# Wolf Fish



## sleepybuddah (Nov 6, 2010)

Just wondering if hoplias malabaricus are usually aggressive as aimaras.


----------



## CLUSTER ONE (Aug 2, 2006)

I beleive not.


----------



## sleepybuddah (Nov 6, 2010)

CLUSTER ONE said:


> I beleive not.


I was watching some videos of aimaras and a lot of those guys are really aggressive. Love to have one and not have to pay such a high price. Do you think an aimara can do more damage from a bite than a giant snakehead if they were the same size?


----------



## starbury (Jan 30, 2006)

They are getting cheaper by the month. If you want an active wolf for less money get a intermedius or a curupira they are the most active after the aimara and the curupira can have quite the personality.

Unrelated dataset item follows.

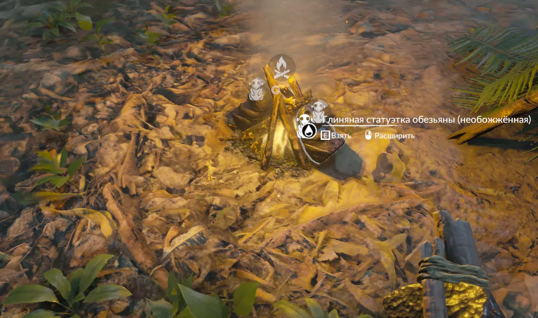 往里面加水,放入陶土模具。不要放铁,用不上。 制作3个陶土猴子雕像(在陶轮上)。然后在任意篝火旁烧制它们。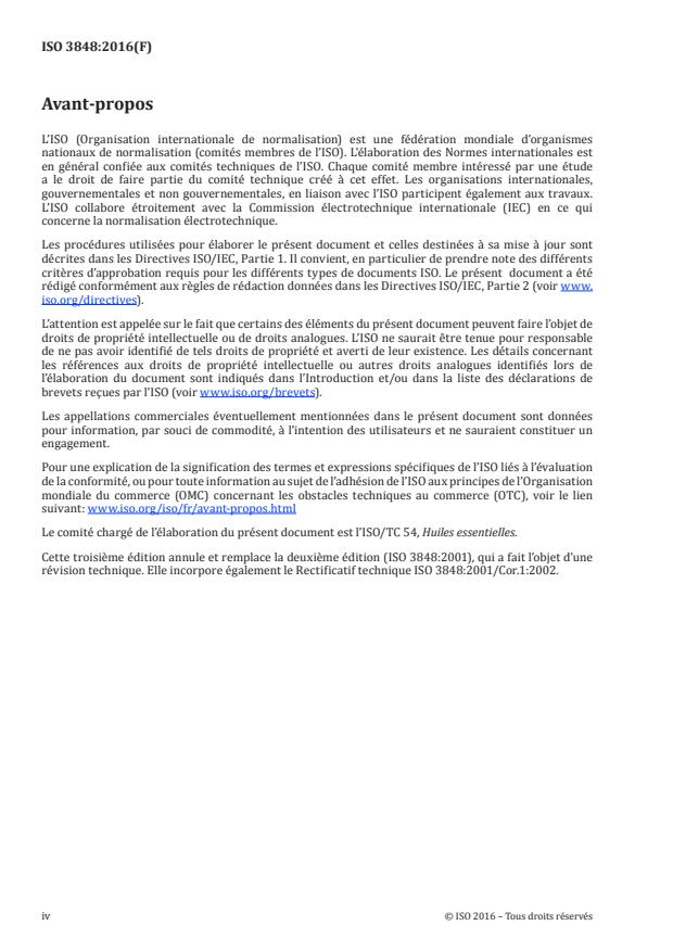 Le comité chargé de l’élaboration du présent document est l’ISO/TC 54, Huiles essentielles.

I love mine he bags for food and chases my around the tank.



sleepybuddah said:


> I beleive not.


I was watching some videos of aimaras and a lot of those guys are really aggressive. Love to have one and not have to pay such a high price. Do you think an aimara can do more damage from a bite than a giant snakehead if they were the same size?
[/quote]


----------



## DarthRhom (Oct 12, 2006)

Malas are nowhere near as aggressive as aimaras.


----------



## scent troll (Apr 4, 2005)

They are not. They are a very passive fish in most cases unless their space is invaded. Hoplias tends to stay fairly dormant until dark. Most ambush predators of their nature tend to avoid conflict...but make no mistake, hoplias has the teeth and the power to hold its ground quite fine


----------



## BRUNER247 (Jun 2, 2010)

I'd trade ALL my fish for one aimara.someday.


----------



## Sylar_92 (Dec 15, 2010)

Some guy had a 8" rainbow wolf fish in my area that was for sale at $30, I wanted to get it so badly but someone already beat me to it.


----------



## Piranha_man (Jan 29, 2005)

Ja'eh is a good one to ask about these wolf fish...


----------



## scent troll (Apr 4, 2005)

I previously owned two hoplias in my life. Both were in a 90 gallon. ad one ho, I experimented at one time and temp. had one housed in with 6 adult reds. The wolf fish was around 8 inches long. The reds completely left him alone. As many of us know, reds tend to pay little to no attention to inactive/relaxed fish. Of course this whole time I was watching him 24/7. He ate and retired to his bog wood hiding spots at will and never had confrontation with a red. Only a time or two did he do the gill flare when a red curiously wandered up to him to investigate. The red quickly about faced. 
Naturally this wasnt a perminent home, but Im using this as an example. Hoplias is a very confident predator. But they also will greedily eat anything small enough to fit inside their mouths. 
When looking to house anything with a hoplias I would go with a much much larger fish that wont view the wolf fish as a potential dinner as well. And of course space is a must. Having plenty of shelter and hiding spots is key to a healthy hoplias. They not only relish in dark spots in the day time, but utilize them as hunting grounds for meals. 
Also on a side note have a decent canopy, they tend to jump from time to time


----------